- Born: Oluwatosin Michael Eniolorunda Lagos, Lagos State, Nigeria
- Education: Obafemi Awolowo University, Lagos Business School
- Occupation: Engineer

= Tosin Eniolorunda =

Nigerian entrepreneur and engineer (born 1985)

Tosin Eniolorunda (born Oluwatosin Michael Eniolorunda; September 1985) is a Nigerian software engineer and entrepreneur who co-founded and is the CEO of the Nigerian fintech bank, Moniepoint Inc. He began his early career with Interswitch as a software engineer before starting TeamApt in 2015.

==Early life and education==
Eniolorunda was born in Lagos, Nigeria, to Rotimi, an engineering contractor, and Ajoke Eniolorunda, a teacher. He is from Ose local government, Ondo State, but spent his early life in Ibadan, Oyo State.
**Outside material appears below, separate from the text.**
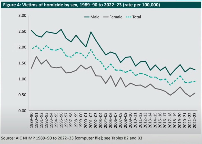 Official statistics from the Australian Institute of Criminology tell a different story.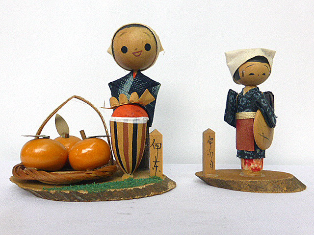 - A133 昭和レトロ土産 伊東みかん娘 蜜柑 宇奈月 こけし 2体 ・置物/オブジェ/ディスプレイ・250508

He is the first of three children.

Eniolorunda attended the University of Ibadan Staff School from 1990 to 1995, and then the Command Day School, Odogbo Ibadan, where he received his secondary school education from 1995 to 2001. He was a member of the Junior Engineers, Technicians and Scientists Club there.
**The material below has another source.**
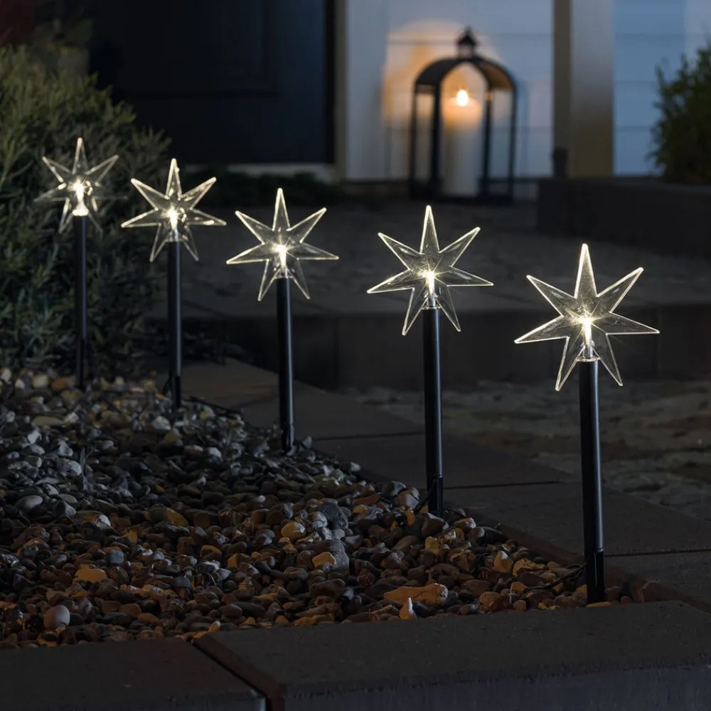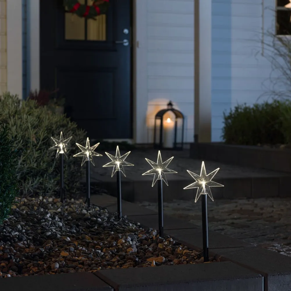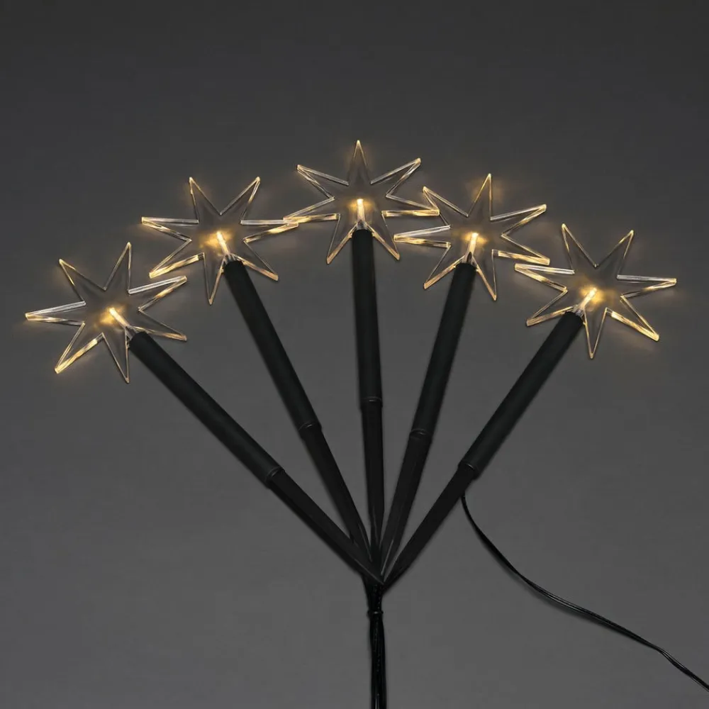 LED udendørs dekorationsstjerne, 5-lys, med jordspyd

He was admitted to Obafemi Awolowo University in 2002, and graduated with a B.Sc. in Mechanical Engineering in 2007.

== Career ==

Eniolorunda joined Interswitch as a software engineer in 2009. At Interswitch, he worked as a senior software manager, unit head of application development, and product manager.

In 2015, Eniolorunda left his role at Interswitch and started TeamApt with Felix Ike, which later rebranded to Moniepoint Inc, a financial technology company that provides business payments and banking solutions. He initially bootstrapped the company with his personal funds.

== Recognition ==
On June 25, 2021, Endeavor announced Eniolorunda and his co-founder at Moniepoint, Felix Ike, as Endeavor Entrepreneurs.

Eniolorunda appeared also on the cover of the August–September edition of Forbes Africa magazine in 2021.

In 2022, he was listed among the 100 most influential Africans by New African magazine.